FIG. 6 shows the examination results of MACS (registered trademark). It was found that there was a difference between the Flow Through that flowed out without reacting with the GS1 antibody and the Elution that flowed out from the antibody after reacting with the GS1 antibody.

Next, the types of bacterial cells contained in Flow Time and Elution were confirmed using RT (Real Time) -PCR.

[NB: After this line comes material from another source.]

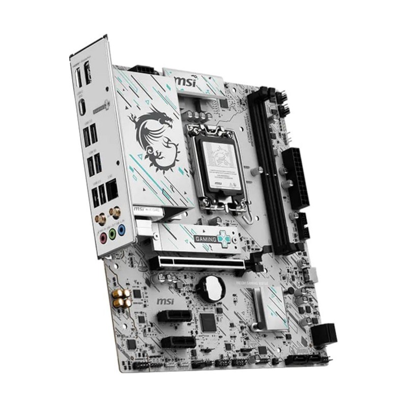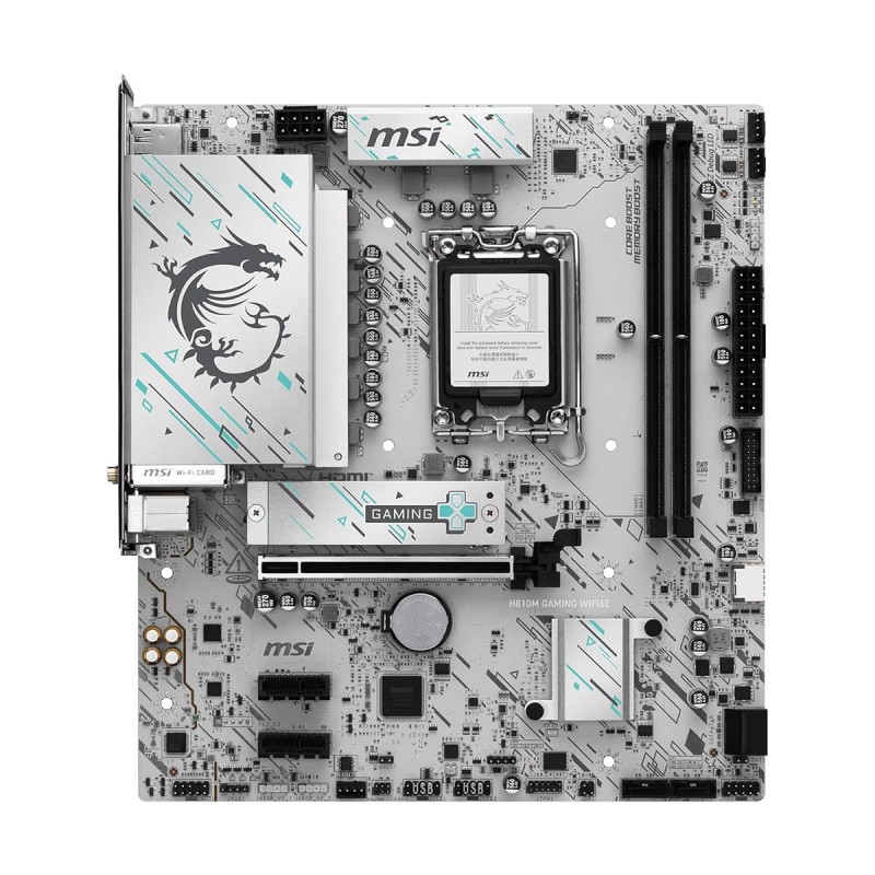 The H810M GAMING WIFI6E motherboard features a sleek, cyber-inspired pattern with teal and black geometric accents on a silver base. Featuring USB 20G Type-C port, Wi-Fi 6E, 2.5G LAN, PCIe 5.0 solution and M.2 Shield Frozr, ready for Intel Core Ultra processors. MSI motherboards are designed with advanced hardware and technology, well-supporting the demanding computing usage of gaming and AI. Moreover, we also introduce AI to MSI Center and BIOS, making everything more effortless than before.

400 μL of TE10 buffer (10 mM Tris, 10 mM EDTA) was added to the cells of Flow Time Sample A and Elution Sample B stored at -80 ° C to dissolve them, and Lysozyme (300 mg / mL) (manufactured by WAKO). Was added in an amount of 20 μL, and the mixture was reacted at 37 ° C. for 8 hours while rotating. Then, 12 μL of purified Achromoptidase (registered trademark) (20000units / mL) (manufactured by WAKO) was added and mixed, and the mixture was further reacted at 37 ° C. for 8 hours while rotating. Then, 50 μL of 10% SDS (pH 7.2) was added and mixed, and then 12 μL of Proteinase K (25 mg / mL) (manufactured by MERCK) was added and incubated overnight at 55 ° C. After incubation, 500 μL of Phenol / Chloroform / Isoamyl alcohol (25: 24: 1) was added, and the mixture was stirred at a maximum speed of 3 min using a Micro Mixer (manufactured by TAITEC), and then centrifuged at 17,800 × g, 10 min, and 20 ° C. Separation was performed and the supernatant was collected. To the supernatant, 500 μL of Phenol / Chloroform / Isoamyl alcohol was added again, and the supernatant was collected after stirring and centrifuging in the same manner. 40 μL of 3M Sodium Acatete was added to the collected supernatant, mixed, 1 mL of chilled 100% Ethanol was added, and the mixture was stirred with vortex and allowed to stand at −80 ° C. for 1 hour. Then, the mixture was centrifuged at 17,800 × g, 10 min, and 4 ° C., the supernatant was discarded, 500 μL of 70% ethanol was added, and the mixture was inverted and mixed. Centrifugation at 17,800 × g, 10 min, 4 ° C. was performed, the supernatant was discarded, and the water content in the tube was evaporated by a centrifugal evaporator. The remaining precipitate is purified nucleic acid. To the precipitate, 100 μL of TE10 is added, and after stirring for 1 min at the maximum speed using a Micro Mixer, 80 μL is transferred to another tube, 1 μL of RNaseA (10 mg / mL) is added, and 37 Incubated overnight at ° C.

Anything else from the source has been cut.